● **Action item**
The listing below has to be output exactly as given, less its pictures.

● **Given information**
********************
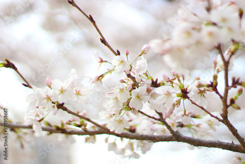 © yoshie, Fototapeta premium ふんわりとした桜の写真 シンプル 枝付 晴れ 日本 儚い
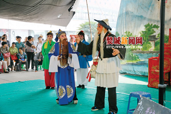 近日,金华市“夕阳红”婺剧团在市人民广场表演了几出经典婺剧剧目。据“夕阳红”婺剧团方团长介绍,平时剧团经常会下乡演出,这次是为了庆祝剧团成立11周年自发组织的一场表演,吸引了一大批爱好婺剧的市民们观看。
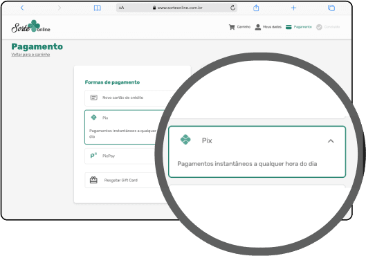 Dentre as formas de pagamento disponíveis, você tem a opção de usar os Créditos Sorte Online, que são adquiridos antecipadamente. Por meio desta opção, o usuário tem suas apostas confirmadas imediatamente, inclusive fora do horário comercial. Para a aquisição de Créditos Sorte Online podem ser utilizadas todas as demais formas de pagamento aceitas no site. Para pagar sua aposta com seus créditos, basta escolher seus jogos de valor menor ou igual ao crédito e selecionar essa opção como forma de pagamento ao final de sua compra.
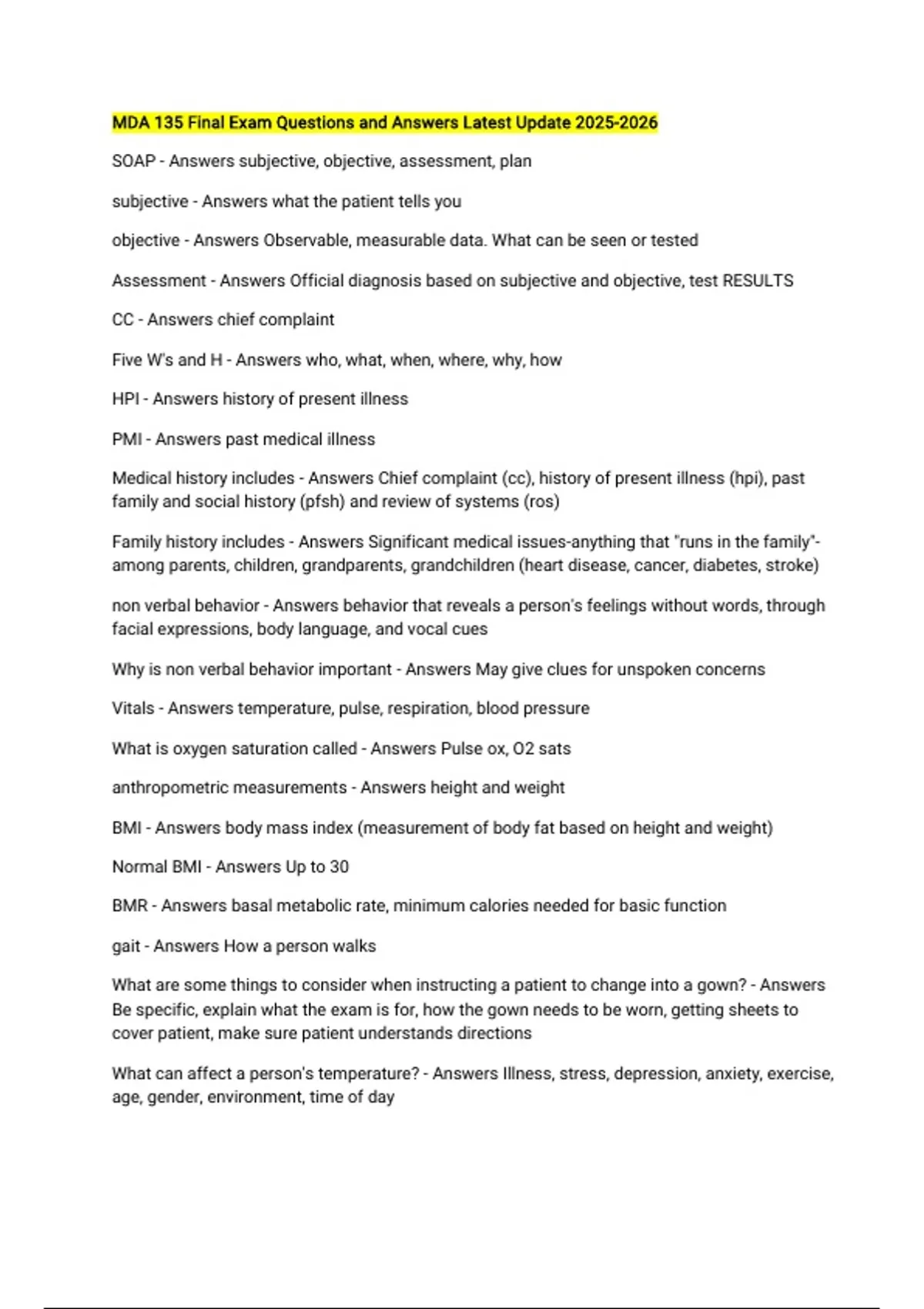 Assessment - Answers Official diagnosis based on subjective and objective, test RESULTS
********************
● **Task solution**
 © yoshie, Fototapeta premium ふんわりとした桜の写真 シンプル 枝付 晴れ 日本 儚い
 近日,金华市“夕阳红”婺剧团在市人民广场表演了几出经典婺剧剧目。据“夕阳红”婺剧团方团长介绍,平时剧团经常会下乡演出,这次是为了庆祝剧团成立11周年自发组织的一场表演,吸引了一大批爱好婺剧的市民们观看。
 Dentre as formas de pagamento disponíveis, você tem a opção de usar os Créditos Sorte Online, que são adquiridos antecipadamente. Por meio desta opção, o usuário tem suas apostas confirmadas imediatamente, inclusive fora do horário comercial. Para a aquisição de Créditos Sorte Online podem ser utilizadas todas as demais formas de pagamento aceitas no site. Para pagar sua aposta com seus créditos, basta escolher seus jogos de valor menor ou igual ao crédito e selecionar essa opção como forma de pagamento ao final de sua compra.
 Assessment - Answers Official diagnosis based on subjective and objective, test RESULTS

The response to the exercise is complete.